Each of the 130 participants was given a small amount of a particular spice to consume daily for seven consecutive days. Blood samples were drawn prior to consumption and at the end of the trial period. A blood analysis was conducted to search for antioxidant capacity and to see how inflammation in the white blood cells was affected. It was found that four spices, in particular, had significantly positive effects on the inflammatory response system: clove, ginger, rosemary, and turmeric.

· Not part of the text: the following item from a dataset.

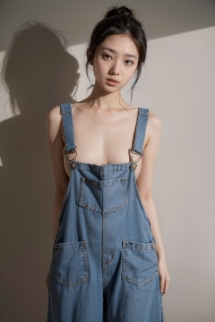 masterpiece,best quality,ultra high res,1girl,tashan naked overalls,Wide view,Romantic canclelight,Follow camera,<lora:20240412beidai-v1:0.6>,Orphanage shrouded in midnight shadows.,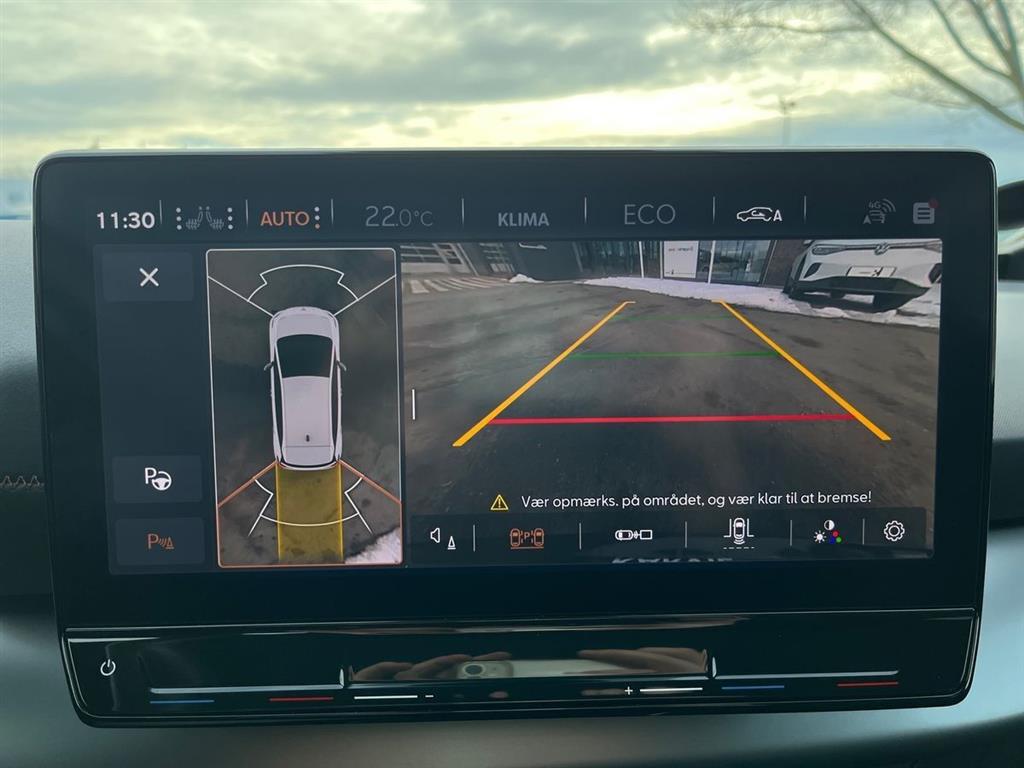- Bakkamera og parkeringssensorer for og bag

It is important to note that these responses were from exposure to normal levels of spices in food, not from the much higher levels in concentrated pill form. Participants took the same amount that might be found in spaghetti sauce or pumpkin pie.
The following were additional helpful anti-inflammatory herbs and spices:
- Jamaican allspice
Next time you are cooking, don’t be hesitant to add in a few more spices!
However, if you have adrenal fatigue, it is important to consider your sensitivities at this point as well. In advanced stages of adrenal fatigue, your body may be more sensitive to these spices, so proceed with caution.
Toxins are considered one of the biggest contributors to inflammation. There are three main components to resolving inflammation from toxins in the body.
First, it is recommended that you reduce any exposure toxin sources such as gases, paints, glues, preservatives, dyes, heavy metals, plastics, phthalates, bisphenol-A (BPA), and electromagnetic radiation, just to name a few.
Second, make an effort to remove toxins from the body by optimizing bowel, liver, lymph, kidney, and skin function.
Third, it is extremely important to keep your body hydrated. It is recommended to drink ½ of your body weight daily in ounces of pure water to assist in the detoxification process.